■ What to produce
Please output exactly the part of the records below that opens with the line containing "Nail sticker, Nail" and closes with the line containing "Hermes Embroidered Pocket", both lines included, and nothing else.

■ Data extracts
##########

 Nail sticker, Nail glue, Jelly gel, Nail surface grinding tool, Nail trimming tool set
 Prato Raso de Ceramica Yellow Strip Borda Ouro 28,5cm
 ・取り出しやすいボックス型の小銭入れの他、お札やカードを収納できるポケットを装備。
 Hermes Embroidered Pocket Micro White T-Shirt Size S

##########

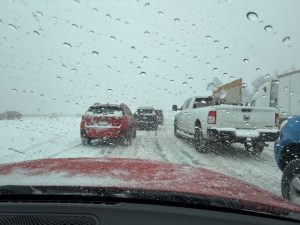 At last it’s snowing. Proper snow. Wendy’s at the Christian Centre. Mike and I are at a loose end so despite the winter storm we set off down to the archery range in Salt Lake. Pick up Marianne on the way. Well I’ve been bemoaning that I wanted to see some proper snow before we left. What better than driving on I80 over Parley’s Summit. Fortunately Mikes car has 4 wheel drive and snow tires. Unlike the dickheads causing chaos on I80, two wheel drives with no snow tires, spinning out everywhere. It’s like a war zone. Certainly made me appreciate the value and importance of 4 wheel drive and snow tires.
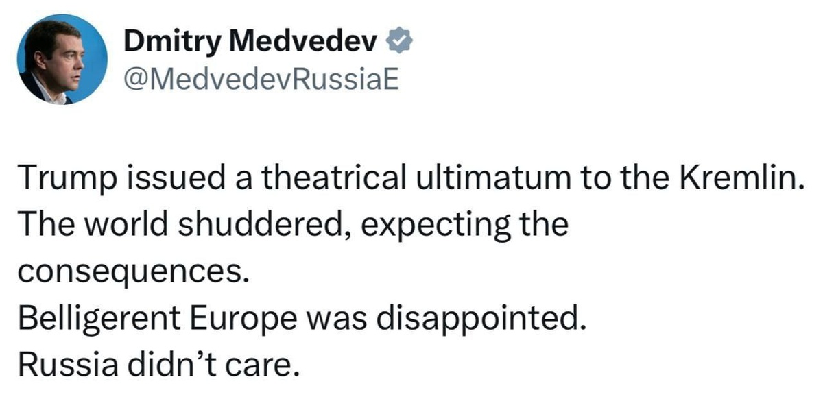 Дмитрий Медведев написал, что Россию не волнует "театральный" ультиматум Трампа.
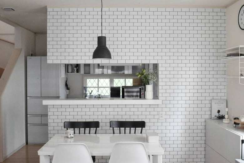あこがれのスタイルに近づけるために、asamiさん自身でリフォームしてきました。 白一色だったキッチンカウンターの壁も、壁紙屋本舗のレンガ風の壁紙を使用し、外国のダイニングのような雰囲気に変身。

##########

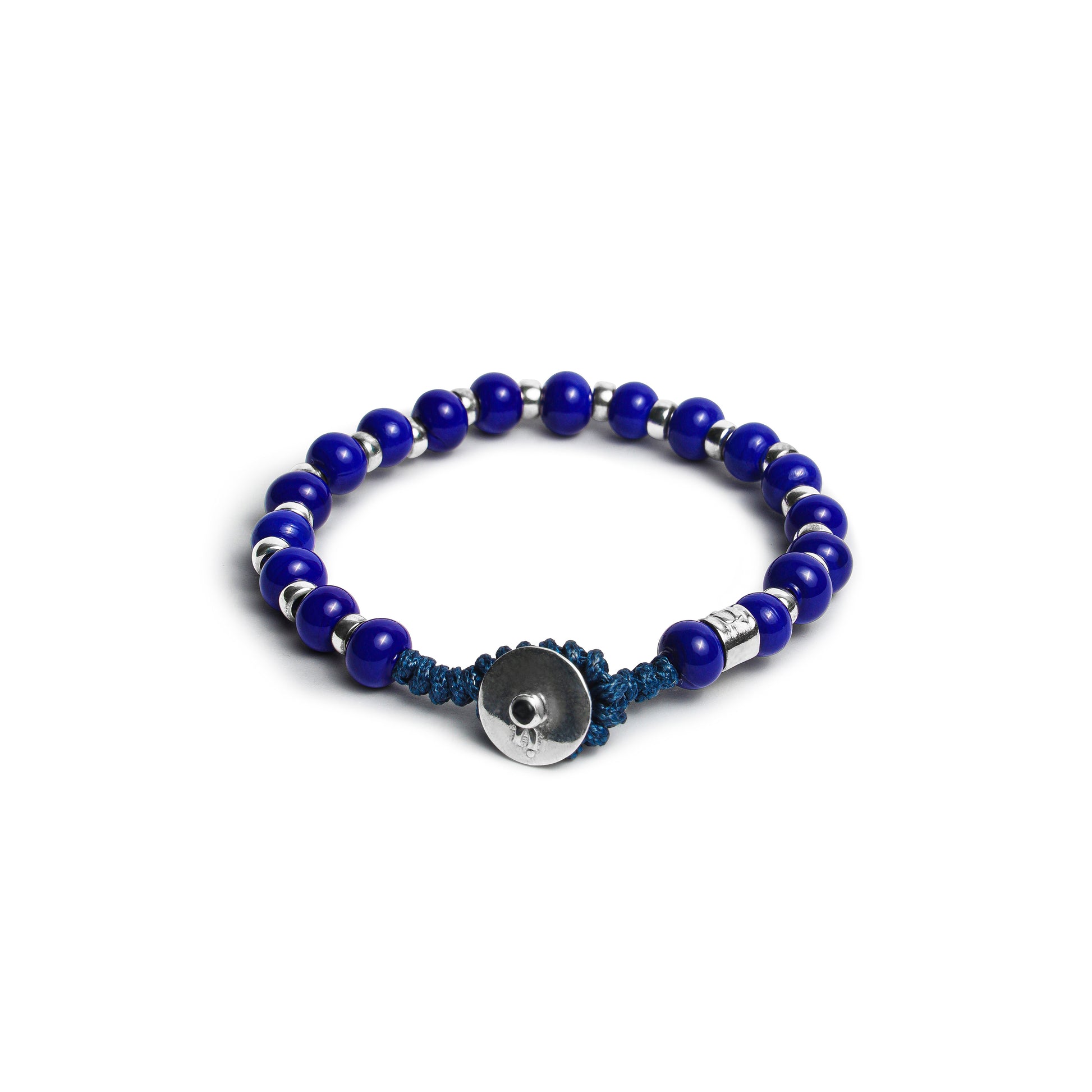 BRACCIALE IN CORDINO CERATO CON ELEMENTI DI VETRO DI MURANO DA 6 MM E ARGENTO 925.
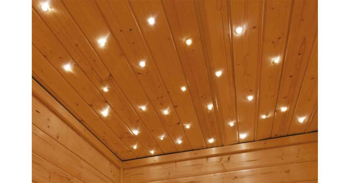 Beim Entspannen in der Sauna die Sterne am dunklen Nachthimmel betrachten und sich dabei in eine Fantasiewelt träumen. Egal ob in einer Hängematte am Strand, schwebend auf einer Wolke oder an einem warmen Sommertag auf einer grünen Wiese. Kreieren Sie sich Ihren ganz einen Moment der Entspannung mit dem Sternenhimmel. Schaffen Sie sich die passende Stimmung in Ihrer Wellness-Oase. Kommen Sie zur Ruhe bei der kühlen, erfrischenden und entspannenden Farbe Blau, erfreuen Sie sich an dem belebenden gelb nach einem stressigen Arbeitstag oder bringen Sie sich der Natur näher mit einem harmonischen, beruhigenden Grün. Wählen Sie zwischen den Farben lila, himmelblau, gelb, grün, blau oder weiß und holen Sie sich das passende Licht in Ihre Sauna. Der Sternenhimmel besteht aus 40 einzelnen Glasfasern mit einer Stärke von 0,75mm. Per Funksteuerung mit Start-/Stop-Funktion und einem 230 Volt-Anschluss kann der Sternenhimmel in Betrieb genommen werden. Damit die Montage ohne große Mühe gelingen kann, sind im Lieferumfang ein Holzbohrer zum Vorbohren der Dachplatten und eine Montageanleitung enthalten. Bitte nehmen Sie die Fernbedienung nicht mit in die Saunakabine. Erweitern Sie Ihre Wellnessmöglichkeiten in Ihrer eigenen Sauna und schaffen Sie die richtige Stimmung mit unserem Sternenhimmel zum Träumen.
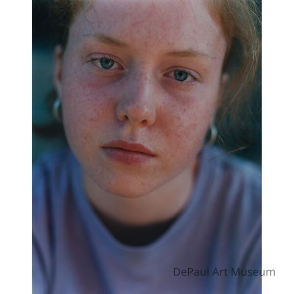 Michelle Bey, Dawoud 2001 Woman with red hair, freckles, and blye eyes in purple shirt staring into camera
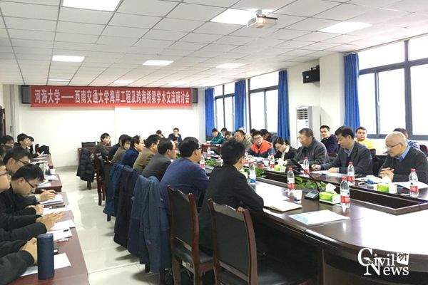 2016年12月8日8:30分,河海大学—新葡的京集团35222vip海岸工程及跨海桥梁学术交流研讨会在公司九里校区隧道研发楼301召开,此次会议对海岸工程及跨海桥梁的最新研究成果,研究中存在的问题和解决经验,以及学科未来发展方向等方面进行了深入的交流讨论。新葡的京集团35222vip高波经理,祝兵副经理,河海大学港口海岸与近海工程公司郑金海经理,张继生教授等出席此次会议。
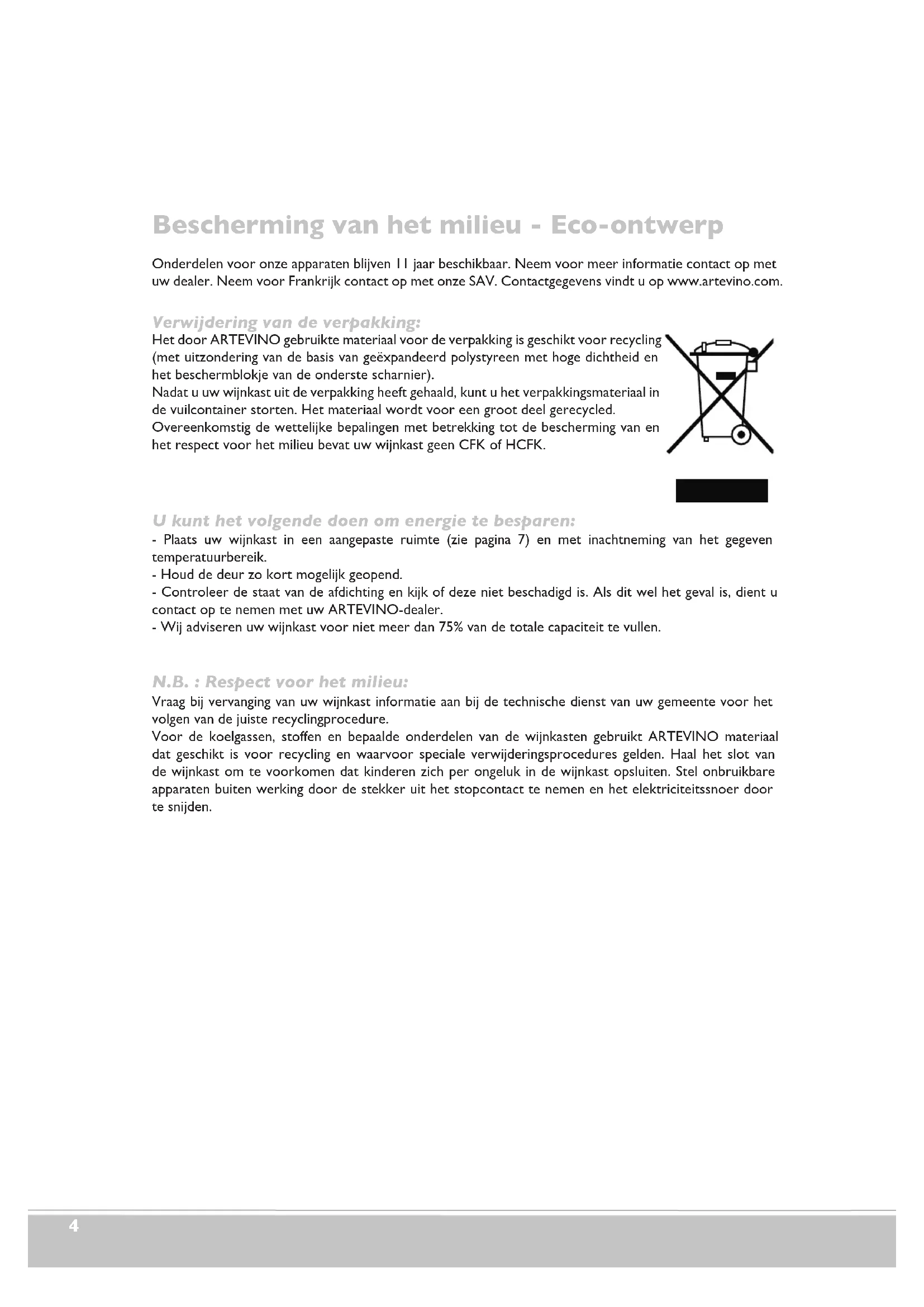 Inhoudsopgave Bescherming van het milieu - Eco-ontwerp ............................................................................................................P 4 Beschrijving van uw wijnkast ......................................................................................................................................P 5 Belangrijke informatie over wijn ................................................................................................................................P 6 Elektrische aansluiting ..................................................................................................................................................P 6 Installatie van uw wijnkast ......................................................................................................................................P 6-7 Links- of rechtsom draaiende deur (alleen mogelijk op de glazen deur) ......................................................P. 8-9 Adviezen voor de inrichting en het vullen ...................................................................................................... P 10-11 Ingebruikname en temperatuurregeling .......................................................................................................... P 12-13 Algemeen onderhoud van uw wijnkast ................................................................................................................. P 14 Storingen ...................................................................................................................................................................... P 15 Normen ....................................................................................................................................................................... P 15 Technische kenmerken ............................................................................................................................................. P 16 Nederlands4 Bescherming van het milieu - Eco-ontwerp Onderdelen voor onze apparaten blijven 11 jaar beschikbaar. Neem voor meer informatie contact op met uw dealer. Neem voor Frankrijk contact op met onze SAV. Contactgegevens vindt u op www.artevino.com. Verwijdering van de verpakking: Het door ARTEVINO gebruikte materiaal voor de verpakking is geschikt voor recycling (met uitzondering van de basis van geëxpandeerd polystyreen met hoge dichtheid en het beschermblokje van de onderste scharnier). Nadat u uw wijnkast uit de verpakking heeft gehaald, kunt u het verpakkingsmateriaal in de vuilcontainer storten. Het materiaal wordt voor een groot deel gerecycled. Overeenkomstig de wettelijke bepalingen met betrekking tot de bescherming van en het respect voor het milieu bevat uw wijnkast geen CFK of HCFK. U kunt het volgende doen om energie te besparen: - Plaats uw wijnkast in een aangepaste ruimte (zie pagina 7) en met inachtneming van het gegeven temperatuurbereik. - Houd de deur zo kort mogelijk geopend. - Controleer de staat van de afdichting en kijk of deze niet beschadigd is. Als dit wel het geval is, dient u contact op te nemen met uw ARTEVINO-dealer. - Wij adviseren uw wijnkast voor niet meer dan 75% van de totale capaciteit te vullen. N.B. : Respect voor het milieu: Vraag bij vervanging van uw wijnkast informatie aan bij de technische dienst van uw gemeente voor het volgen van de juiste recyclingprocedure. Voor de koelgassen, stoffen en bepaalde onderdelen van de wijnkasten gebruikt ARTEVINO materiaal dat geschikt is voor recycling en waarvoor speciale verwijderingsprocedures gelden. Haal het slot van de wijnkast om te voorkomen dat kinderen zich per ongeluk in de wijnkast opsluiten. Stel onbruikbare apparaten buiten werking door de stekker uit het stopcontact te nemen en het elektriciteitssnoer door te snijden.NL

##########

■ Final answer
 Nail sticker, Nail glue, Jelly gel, Nail surface grinding tool, Nail trimming tool set
 Prato Raso de Ceramica Yellow Strip Borda Ouro 28,5cm
 ・取り出しやすいボックス型の小銭入れの他、お札やカードを収納できるポケットを装備。
 Hermes Embroidered Pocket Micro White T-Shirt Size S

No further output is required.